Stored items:
- - - - -

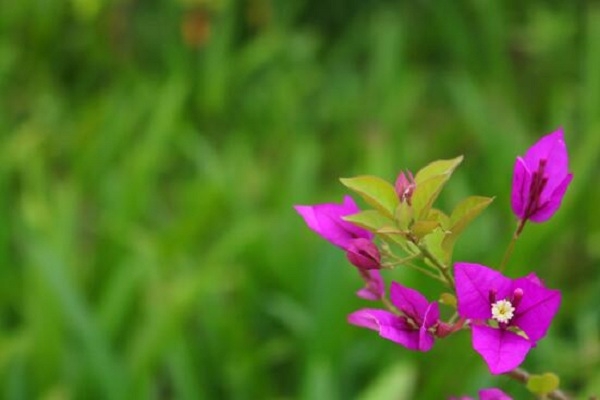 玫粉色的三角梅露出嫩黃的花蕊,這滿眼的綠中點(diǎn)綴著紅,剛剛好
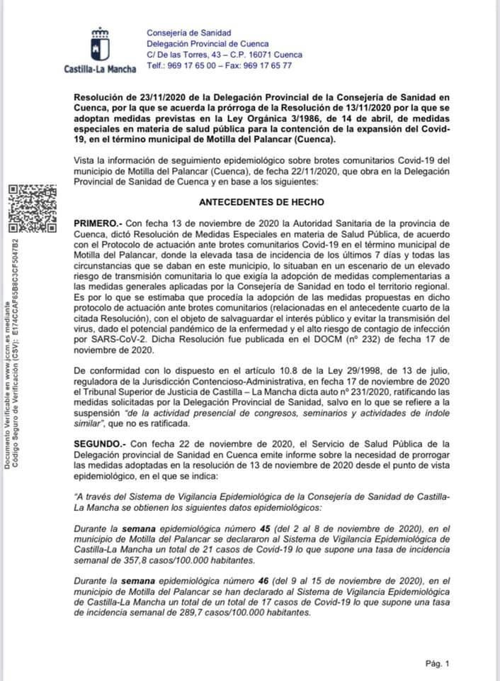 En la mañana de hoy se ha recibido la resolución de la Consejería de Sanidad que recoge la ampliación durante 10 días más a partir de hoy de las medidas especiales que prorrogan el NIVEL 3 para nuestro municipio hasta el día 3 de diciembre.
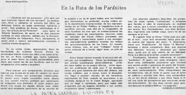 Autores chilenos - Santelices, Alberto - En la ruta de los parásitos
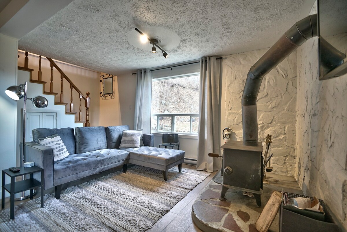 House for 12 people , 4 bedrooms, 5 queens beds plus1 sofa bed , 3,5 bathroom, private hot tub. nice mountain view. Private fire pit. Walking distance to restaurants and shops downtown Bromont. 3-4 minutes driving distance to the ski hill and aquatic park. 5 minutes driving distance to Centre équestre de Bromont. 15 minutes driving distance to Granby zoo. There is heated salted pool from June 1st to September 15th from 9 am to 9pm
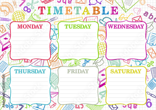 Template of a school schedule for 6 days of the week for students. Vector illustration in colored doodle styles. Includes hand-drawn elements on a school theme.
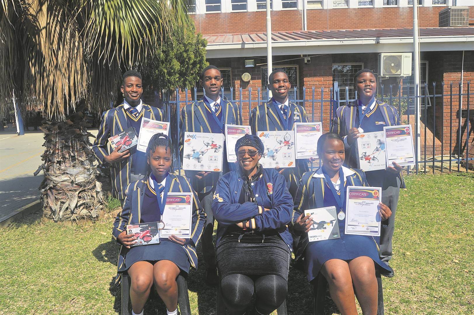 Six learners of the Welkom High School participated as Gr. 8 to Gr. 11 contestants in round 3 of the Free State Maths Competition, for the Le­jweleputswa District. This was held on 30 August at the Welkom Technical High School (THS). They all qualified for the round 4 provincial level, which will be held in October. From the left are, front: Nontutuzelo Ngulo (position 3, Gr. 8), Lebohang Mahlophe (educator) and Nomonde Swartbooi (position 1, Gr. 9)
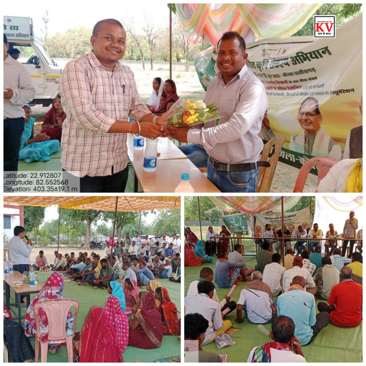 Korbavani.com- 03 जून मंगलवार को ग्राम सिमगा में विकसित कृषि संकल्प अभियान के तहत एक दिवसीय कृषक शिविर का आयोजन किया गया. इस शिविर में कृषि विज्ञान केंद्र कटघोरा से दीपक तंवर, उद्यानिकी विभाग से अमित सोनी, मत्स्य पालन विभाग से कमल किशोर सिंह, पशुपालन विभाग से डॉ. पटेल, मणिराम उइके व राम सरीमन तथा कृषि विभाग से सुरेश नागदेव व मनीष डिक्सेना द्वारा किसानों को विभागीय योजनाओं, नवीन तकनीकों, परंपरागत विधियों एवं कम लागत में अधिक उत्पादन की जानकारी प्रदान की गई। शिविर में किसानों से खेती संबंधी समस्याओं पर चर्चा कर समाधान भी प्रस्तुत किए गए एवं फीडबैक लिया गया।कार्यक्रम में जिला पंचायत सदस्य विद्वान सिंह मरकाम, जनपद सदस्य भारत सिंह, जनपद पंचायत पोड़ी उपरोड़ा की पशुपालन एवं मत्स्य सभापति गायत्री आयाम, सरपंच श्याम बाई बिंझवार, पूर्व सभापति संतराम श्याम समेत घोंसरा, सिमगा, जाम एवं कछार पंचायतों के किसान बंधु उपस्थित रहे। शिविर का उद्देश्य किसानों को आत्मनिर्भर बनाना एवं उन्नत कृषि पद्धतियों से जोड़ना रहा।
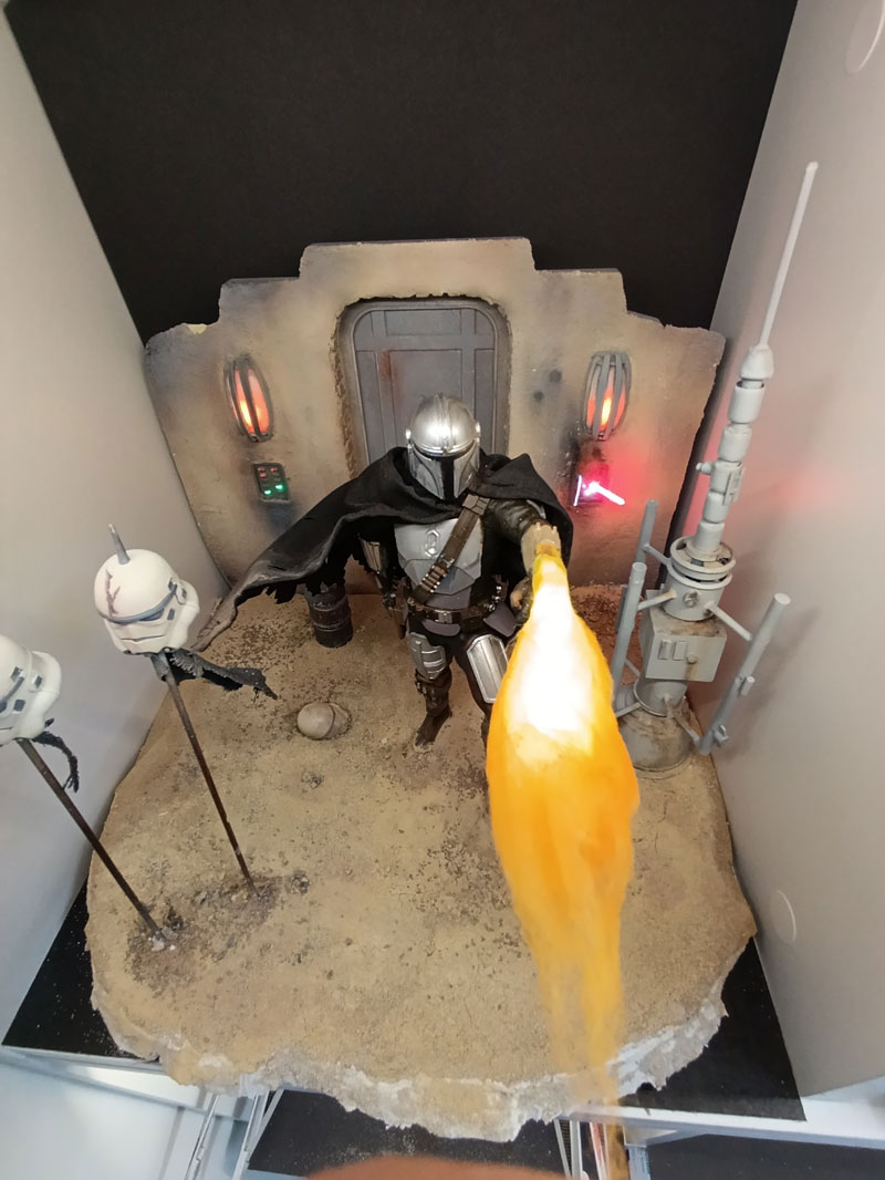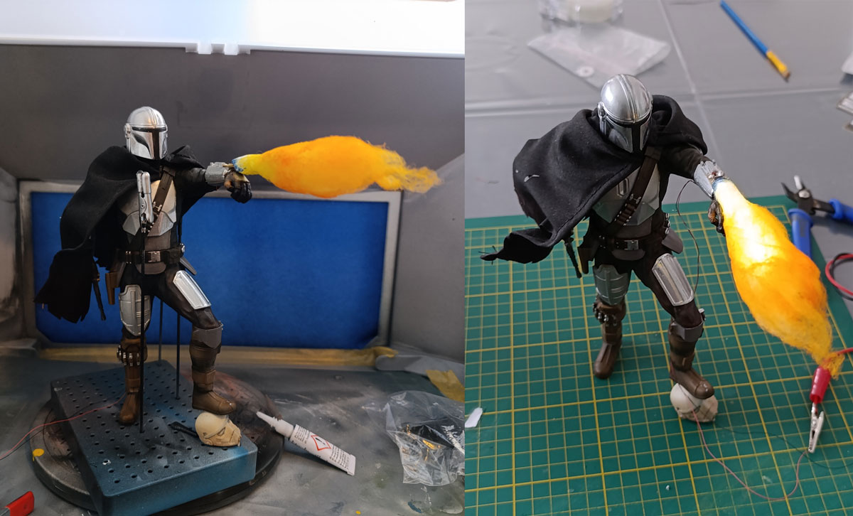 Ich hab mir das Teil nochmal wieder vorgenommen. Die 'whistling birds' Raketen werden einem Flammenwerfer weichen, der ist dann zwar am eigentlich falschen Arm, aber dafür kann ich ihn beleuchten
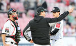 [OSEN=수원, 김성락 기자] 24일 오후 수원 KT위즈파크에서 ‘2025 신한 SOL Bank KBO리그’ KT 위즈와 SSG 랜더스의 경기가 열렸다.홈팀 KT는 강건, 원정팀 SSG는 문승원을 선발로 내세웠다. 2회초 1사 만루 KT 마운드를 방문한 제춘모 투수
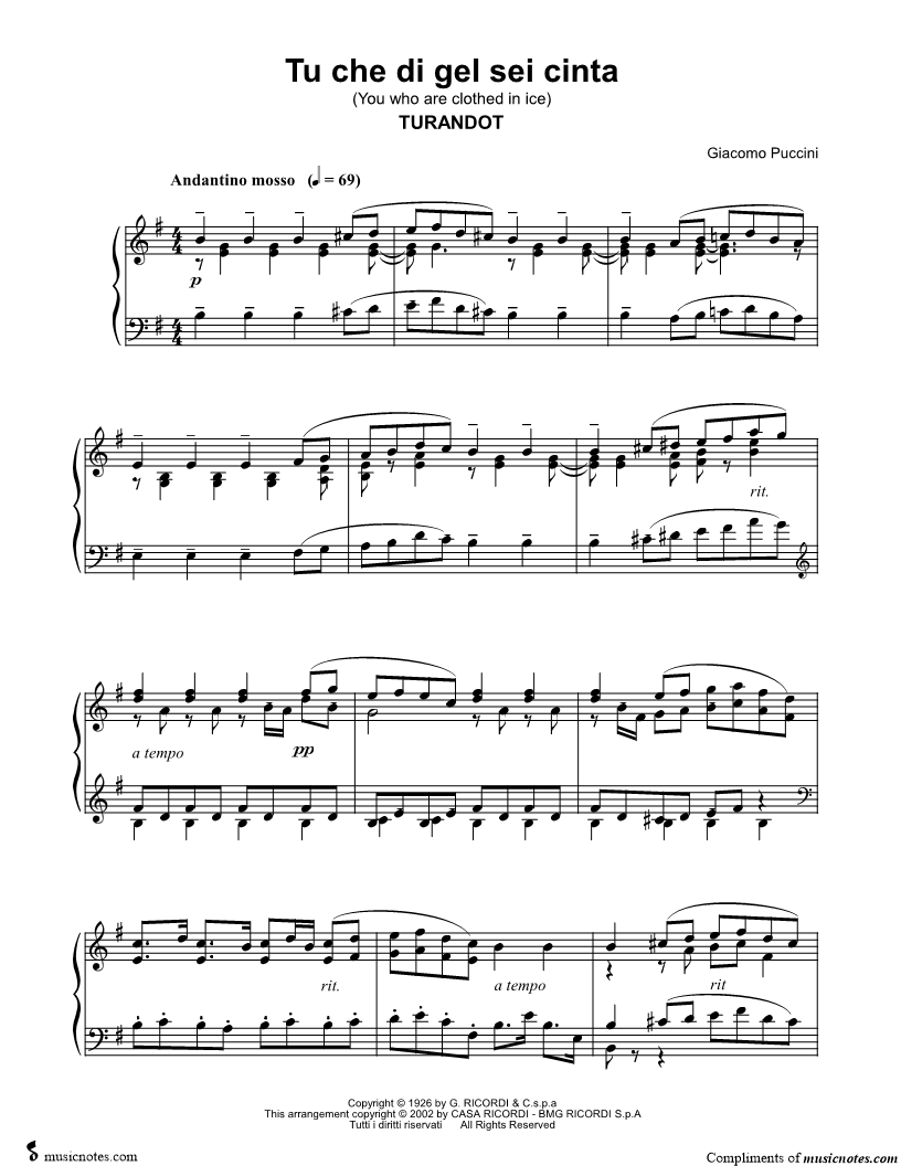 Turandot: Act III - "Tu che di gel sei cinta" |

- - - - -

• EXERCISE:
Would you please retype all the data exactly? Leave out whatever pictures it holds.

• EXERCISE SOLUTION:
 玫粉色的三角梅露出嫩黃的花蕊,這滿眼的綠中點(diǎn)綴著紅,剛剛好
 En la mañana de hoy se ha recibido la resolución de la Consejería de Sanidad que recoge la ampliación durante 10 días más a partir de hoy de las medidas especiales que prorrogan el NIVEL 3 para nuestro municipio hasta el día 3 de diciembre.
 Autores chilenos - Santelices, Alberto - En la ruta de los parásitos
 House for 12 people , 4 bedrooms, 5 queens beds plus1 sofa bed , 3,5 bathroom, private hot tub. nice mountain view. Private fire pit. Walking distance to restaurants and shops downtown Bromont. 3-4 minutes driving distance to the ski hill and aquatic park. 5 minutes driving distance to Centre équestre de Bromont. 15 minutes driving distance to Granby zoo. There is heated salted pool from June 1st to September 15th from 9 am to 9pm
 Template of a school schedule for 6 days of the week for students. Vector illustration in colored doodle styles. Includes hand-drawn elements on a school theme.
 Six learners of the Welkom High School participated as Gr. 8 to Gr. 11 contestants in round 3 of the Free State Maths Competition, for the Le­jweleputswa District. This was held on 30 August at the Welkom Technical High School (THS). They all qualified for the round 4 provincial level, which will be held in October. From the left are, front: Nontutuzelo Ngulo (position 3, Gr. 8), Lebohang Mahlophe (educator) and Nomonde Swartbooi (position 1, Gr. 9)
 Korbavani.com- 03 जून मंगलवार को ग्राम सिमगा में विकसित कृषि संकल्प अभियान के तहत एक दिवसीय कृषक शिविर का आयोजन किया गया. इस शिविर में कृषि विज्ञान केंद्र कटघोरा से दीपक तंवर, उद्यानिकी विभाग से अमित सोनी, मत्स्य पालन विभाग से कमल किशोर सिंह, पशुपालन विभाग से डॉ. पटेल, मणिराम उइके व राम सरीमन तथा कृषि विभाग से सुरेश नागदेव व मनीष डिक्सेना द्वारा किसानों को विभागीय योजनाओं, नवीन तकनीकों, परंपरागत विधियों एवं कम लागत में अधिक उत्पादन की जानकारी प्रदान की गई। शिविर में किसानों से खेती संबंधी समस्याओं पर चर्चा कर समाधान भी प्रस्तुत किए गए एवं फीडबैक लिया गया।कार्यक्रम में जिला पंचायत सदस्य विद्वान सिंह मरकाम, जनपद सदस्य भारत सिंह, जनपद पंचायत पोड़ी उपरोड़ा की पशुपालन एवं मत्स्य सभापति गायत्री आयाम, सरपंच श्याम बाई बिंझवार, पूर्व सभापति संतराम श्याम समेत घोंसरा, सिमगा, जाम एवं कछार पंचायतों के किसान बंधु उपस्थित रहे। शिविर का उद्देश्य किसानों को आत्मनिर्भर बनाना एवं उन्नत कृषि पद्धतियों से जोड़ना रहा।
 Ich hab mir das Teil nochmal wieder vorgenommen. Die 'whistling birds' Raketen werden einem Flammenwerfer weichen, der ist dann zwar am eigentlich falschen Arm, aber dafür kann ich ihn beleuchten
 [OSEN=수원, 김성락 기자] 24일 오후 수원 KT위즈파크에서 ‘2025 신한 SOL Bank KBO리그’ KT 위즈와 SSG 랜더스의 경기가 열렸다.홈팀 KT는 강건, 원정팀 SSG는 문승원을 선발로 내세웠다. 2회초 1사 만루 KT 마운드를 방문한 제춘모 투수
 Turandot: Act III - "Tu che di gel sei cinta" |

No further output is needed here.